Zum Vortrag der Landeskonservatorin in der Villa Zanders

Denkmalschutz - was ist das und wie geht das?

Von Thomas Klostermann

Auf Einladung des Arbeitskreises Fachwerk – Denkmal – Stadtbildpflege hielt Frau Dr. Andrea Pufke, Landeskonservatorin und Leiterin des LVR-Amts für Denkmalpflege im Rheinland, am 29.3.2014 einen Vortrag in der Villa Zanders zu grundsätzlichen Aspekten des Denkmalschutzes.

Bürgermeister Lutz Urbach sprach ein Grußwort, das Publikum hatte Gelegenheit zu Fragen, Anregungen und Stellungnahmen.
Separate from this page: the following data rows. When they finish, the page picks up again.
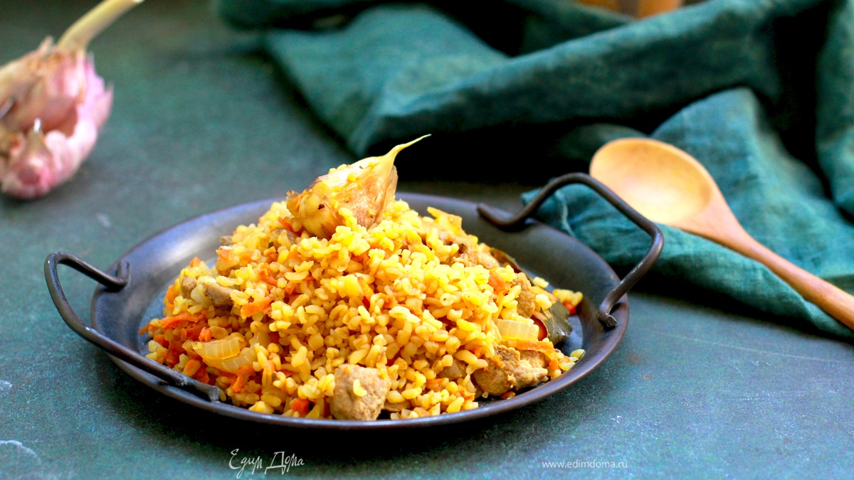 Булгур — очень удачная крупа, она не разваривается, даже если переварить, и этим выгодно отличается от риса. Рекомендую ее для блюд в стиле плов или пилав, мясо можете брать любое, овощи добавлять любые из наличия. Я добавляла классически морковь, лук и чеснок.
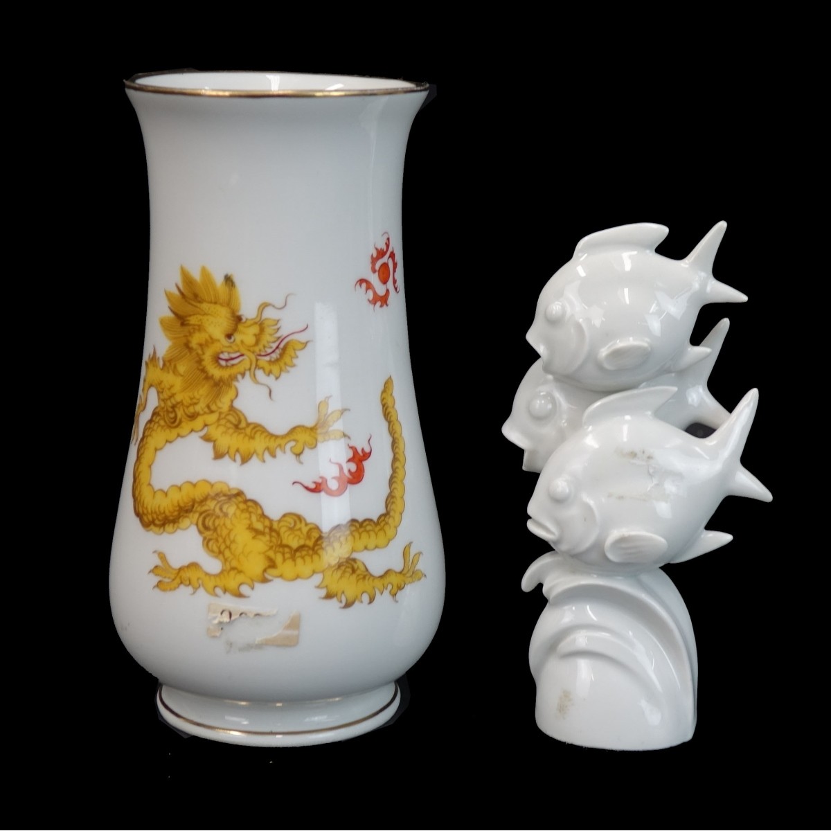 Grouping of Two (2) Vintage Meissen Porcelain Tableware. Lot consists of a school of fish figurine along with a Ming dragon vase. Each appropriately signed. Vase measures 5-3/4" x 3-1/4", figurine measures 4-3/4' x 2-1/2". Condition: Good condition. Estimate: $100.00 - $400.00 Domestic Shipping: $48.00
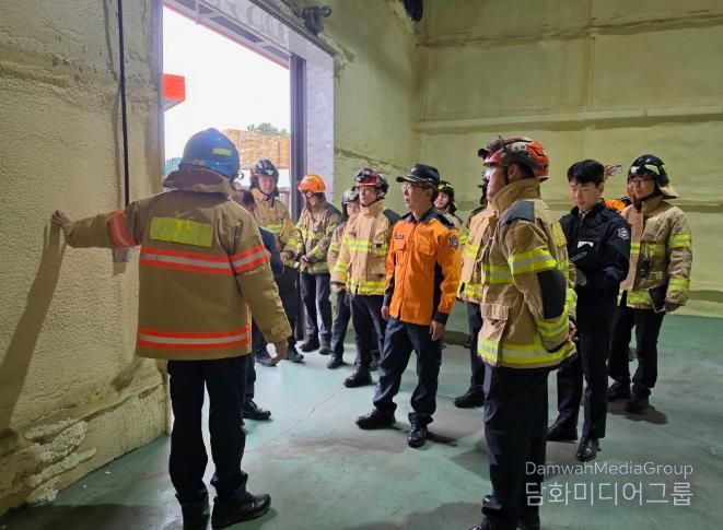 현장지휘관 및 진압활동대원들과 함께 현장을 찾아 ▲사업장 내 소방시설 및 피난·방화시설 유지관리 상태 점검 ▲냉동·전기설비 주변 화재취약요인 확인 ▲우레탄폼 등 가연성 소재 인근 화기 취급 주의 당부 ▲유증기 체류 방지를 위한 환기설비 작동 여부 등을 집중 확인했고 현장활동대원들의 현장적응훈련을 진행했다.
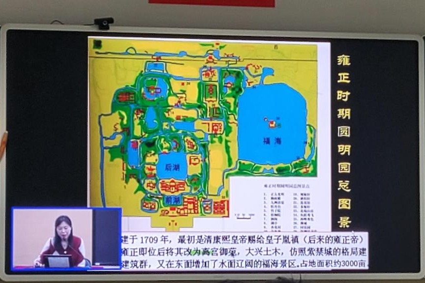 讲座的主题为圆明园的前世今生,宋老师首先从地理因素和历史背景两方面向同学们介绍了圆明园选址与修建的原因。又以“中式建筑的梦中巡礼”为线索,向同学们介绍了圆明园中仪典建筑、寝居建筑、文化建筑、宗教建筑等代表性景点的历史沿革、文化内涵。宋老师以圆明园为切口,为学生讲述了清代政治史、建筑史、军事史、中外交流史内涵。同时,学生了解了比较感兴趣的清代宫廷生活、清代文化特征等。

Aus dem gut halbstündigen Vortrag sollen hier einige wenige Aspekte herausgestellt werden. Einleitend ging Frau Dr. Pufke auf die Frage ein, warum wir Denkmalschutz und Denkmalpflege brauchen? Weil unsere Bau- und Kunstdenkmäler prägende und positive Standort- und Kulturfaktoren einer Gemeinde seien. Sie gehörten zu den so genannten weichen Standortfaktoren und bestimmten das Image einer Stadt, stünden aber auch für Werte wie Bindung, Identifikation und Heimat.

Bau- und Kunstdenkmäler seien etwas, worauf wir stolz sind und was wir Anderen, Besuchern und Fremden, zeigen möchten. Hier böten sich Chancen für Kulturpolitik und Kulturtourismus. Vielfach garantierten sie eine exklusive Geschäftsadresse und eine gute Arbeitsatmosphäre im Erlebnisraum Stadt. Als Zeugnisse der gebauten Geschichte umgäben sie uns jeden Tag auf Schritt und Tritt und trügen entscheidend zur Lebensqualität in unserer Stadt bei. Und doch werde um Denkmalschutz auch heftig gestritten, z. B. immer dann, wenn Denkmäler im Wege stünden oder wenn ihre Erhaltung vermeintlich zu teuer sei.

Sie stellte die spannende Frage: „Was ist ein Denkmal? Was macht ein Gebäude zum Denkmal?“ Dies sei im Gesetz definiert und keineswegs willkürlich. Sie nannte objektivierbare Bedeutungsmerkmale, von denen mindestens ein Merkmal gegeben sein müsse.

Eine Sache müsse bedeutend sein für
a) die Geschichte des Menschen,
b) für Städte und Siedlungen und
c) für die Entwicklung der Arbeits- und Produktionsverhältnisse.

Vielfach herrsche die Vorstellung, dass ein Objekt einzigartig oder besonders herausgehoben sein müsse, um als Denkmal qualifiziert werden zu können. Dies sei aber nicht der Fall. Das Merkmal der Bedeutung sei dann erfüllt, wenn ein Objekt im besonderen Maße zum Aufzeigen oder Erforschen bestimmter, z. B. geschichtlicher Entwicklungen geeignet sei und sei es nur für die Ortsgeschichte. Darüber hinaus müsse aber auch ein öffentliches Interesse an der Erhaltung und Nutzung bestehen. Für das öffentliche Interesse gäbe es ebenfalls objektivierbare Kriterien. Dies seien künstlerische, wissenschaftliche, volkskundliche oder städtebauliche Gründe. Auch hier reiche das Vorliegen nur eines Grundes aus, um das öffentliche Erhaltungs- und Nutzungsinteresse entstehen zu lassen. Es spiele keine Rolle, ob ein Denkmal schön oder hässlich sei.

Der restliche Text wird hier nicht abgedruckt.